You'll have already mapped out the shape of what you need, and you'll just be looking for the best version of it.

The new paradigm

For years, the mantra was: Build or buy.

Now, it’s more elegant and way smarter: Build to learn what to buy.

And it's not some future state. This is already happening. Right now, somewhere, a customer rep is using AI to fix a product issue they spotted minutes ago. Somewhere else, a finance team is prototyping their own analytical tools because they've realized they can iterate faster than they can write up requirements for engineering. Somewhere, a team is realizing that the boundary between technical and non-technical was always more cultural than fundamental.

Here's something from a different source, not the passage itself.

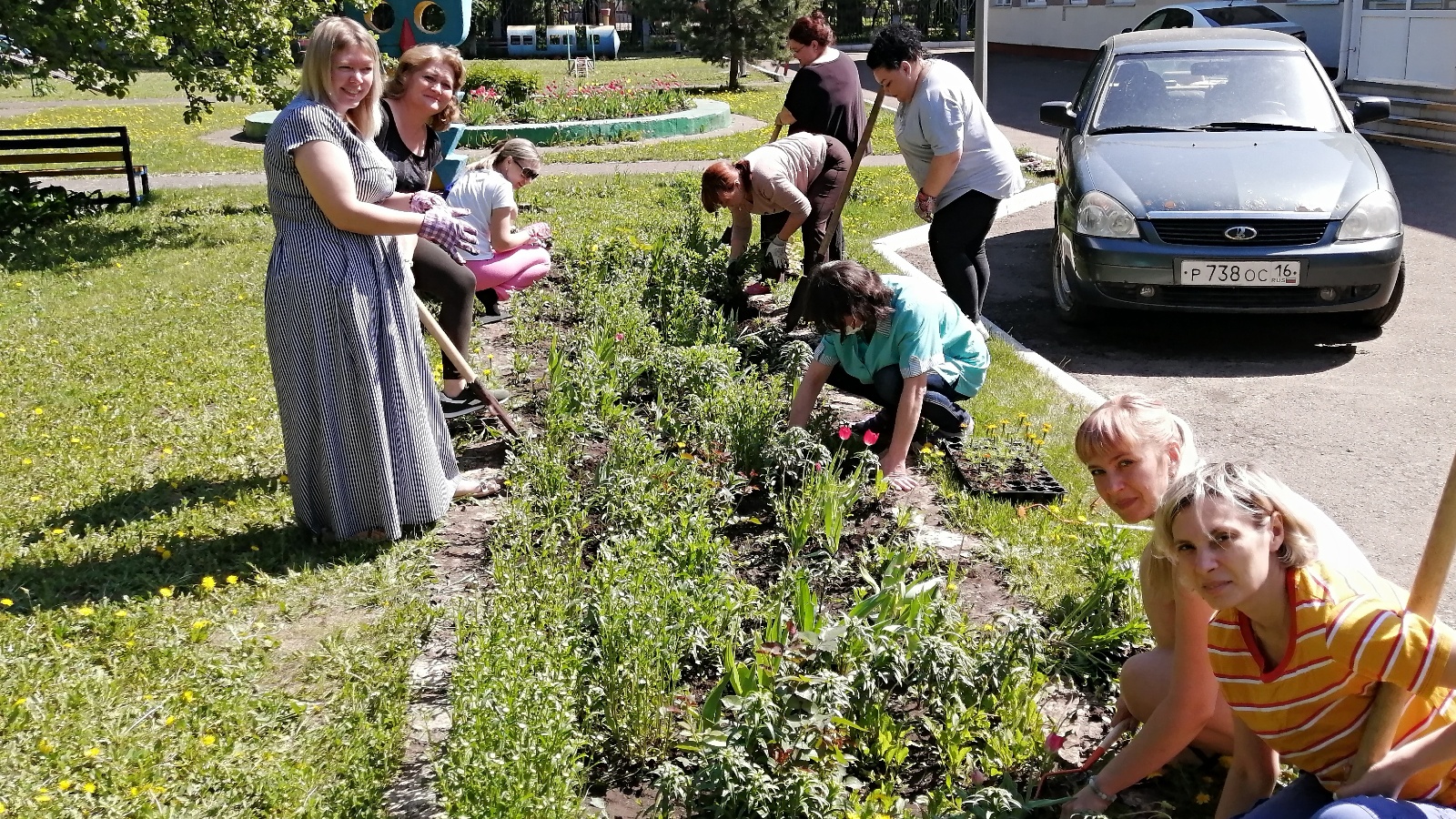 Бер генә участокны да яки өй алды бакчасын да матур чәчәк ата торган композицияләрсез күз алдына китереп булмый. Әгәр дә аны даими карап торсаң, ул бөтен сезон дәвамында безне үз чәчәкләре белән сөендерәчәк. Чәчәкләрдән клумба ясау беренче карашка катлаулы тоелса да булдыра алмаслык эш түгел. Иң мөһиме теләк һәм сабырлык кирәк. Дәресне үткәрү өчен социаль эш буенча белгеч Ольга Луб катнашучылар өчен кораллар: көрәкләр, кәтмән, секаторлар, чиләкләр һәм лейкалар әзерләнгән иде. Бурыч-ботакларның коры өлешләрен кисү,шулай ук күпьеллык үсемлекләрнең җир өсте өлешләрендәге калдыкларны бетерү. Аннары катнашучылар клумбаларда җирне тулыландырдылар, йомшарттылар, чәчәкләрне тукландырдылар, су сиптеләр. Белгеч шулай ук корткычларга һәм чәчәк авыруларына каршы көрәш мәсьәләсенә дә басым ясады.

The companies that embrace this shift will move faster and spend smarter. They’ll know their operations more deeply than any vendor ever could. They'll make fewer expensive mistakes, and buy better tools because they actually understand what makes tools good.

The companies that stick to the old playbook will keep sitting through vendor pitches, nodding along at budget-friendly proposals. They’ll debate timelines, and keep mistaking professional decks for actual solutions.

Until someone on their own team pops open their laptop, says, “I built a version of this last night. Want to check it out?,” and shows them something they built in two hours that does 80% of what they’re about to pay six figures for.

And, just like that, the rules change for good.

Siqi Chen is co-founder and CEO of Runway.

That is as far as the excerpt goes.